EVENING NIGHTCAP: 2025 Color Of The Year. Ruh-Roh...Jay Z In Deep Trouble.

 

► The Pantone Color Institute announced that Pantone #17-230 (Govt Name: Mocha Mousse) is the 2025 Color of the Year. Seems fitting that a hoity toity shade of brown was selected given how shitty 2024 is ending; and that 2025 isn't looking any better with the corrupt clown car that's coming to the US government. I think the brainiacs at the PCI selected this color because it will represent the state of the world next year and the dingleberries that will be hanging off the anus of democracy. A spokesho for the PCI had this to say about Mocha Mousse, which reads like a load of pretentious hooey.  Read More

"Mocha Mousse nurtures with its suggestion of the delectable quality of cacao, chocolate and coffee, appealing to our desire for comfort. Sophisticated and lush, yet at the same time an unpretentious classic, PANTONE 17-1230 Mocha Mousse extends our perceptions of the browns from being humble and grounded to embrace the aspirational and luxe."

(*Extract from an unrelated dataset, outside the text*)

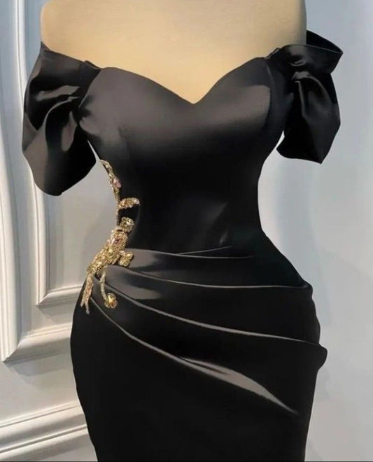 Black sweetheart neckline embroidered beaded satin long slit ball gown evening dress nv3098
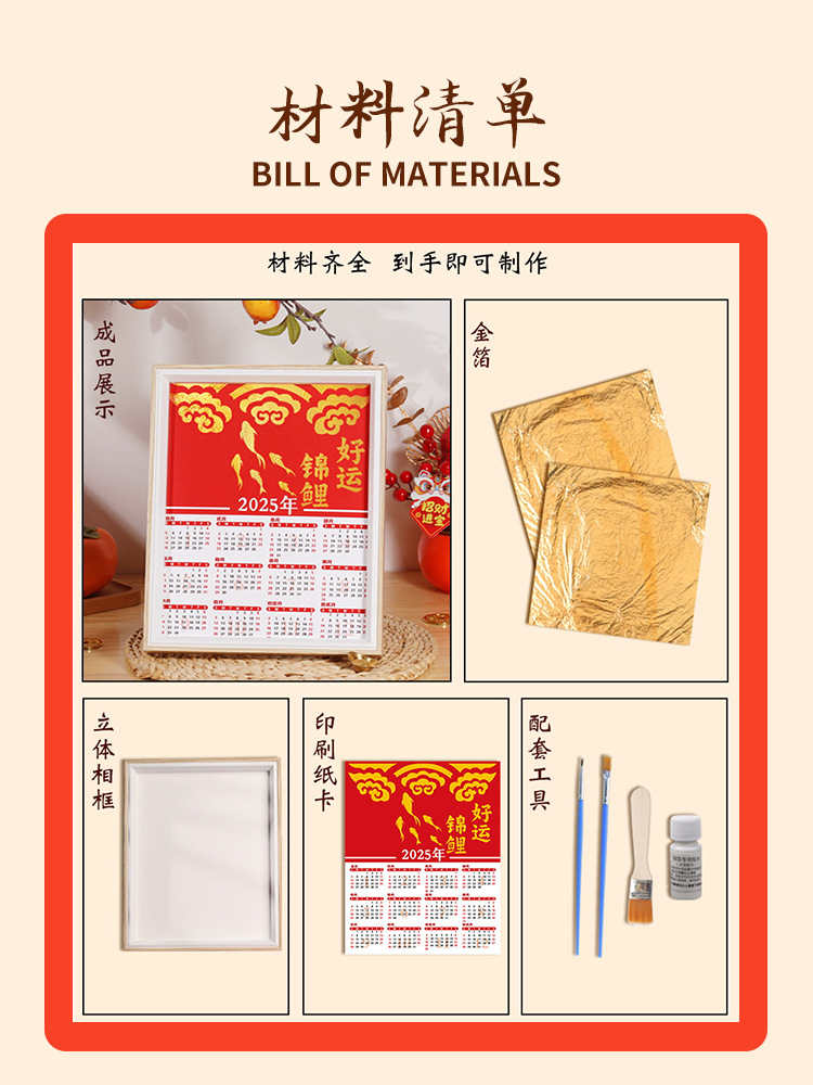 Календарь с золотой фольгой 2026 года, набор материалов для DIY, фоторамка, живопись, детское творчество, ручная работа, декоративное украшение

Pantone names its colour of the year each December. (From Pantone via CNN Newsource)
Photo: Pantone via CNN Newsource/CTV News.ca

Comment:  I would not paint a bathroom this color...or yellow for that matter. They're too closely associated with bodily functions. One time I went to a dinner party and the guest bathroom at the house was painted a really dark brown.  I felt like I was inside a giant caca.  Maybe the owners thought it was an inspiring color for doing a #2.  Back to Mocha Mousse: To me, it's  just a"meh" color.  I would not use the words "aspirational and luxe" to describe it. I would describe it as, "too much cream in my coffee".  On the bright side, I do love chocolate mousse and anything mocha...so there's that. 

Image of with the casual indifference of these muted earth tones


► Seems like karma is catching up to Joe Camel (Govt. Name: Shawn Carter aka Jay Z). He's being dragged into the Sean "Diddy" Combs mess by being accused of assault and other d-bag behavior. A civil lawsuit has been filed by the victim. She alleges that in 2000 (when she a very young teen and Jay Z was 31), she was drugged and repeatedly assaulted by both Diddy and Jay Z at an MTV after party. The victim also claims that a famous female celeb stood by with her thumb up her ass and did nothing. The victim has not disclosed who the female celeb is. As expected, Jay Z is denying everything.  BeYAWNce has not commented on the allegations.  Read More

Jay-Z is seen before the 2024 Super Bowl football game between the San Francisco 49ers and the Kansas City Chiefs in February, in Las Vegas.
Jay Z, 2024.  Photo: Julio Cortez/AP/NPR.org

Comment:  Looks like we have a contender for December "Shit Bag of the Month" at PW Manor.  I'm not surprised that Jay Z is being dragged into Diddy's mess.  He's always given me vibes of raging aholeitis with a side of debauchery. If the allegations are proven true, I hope the victim gets long overdue justice. Celebrity culture is a cesspool that too often covers up illicit behavior for the sake of profits.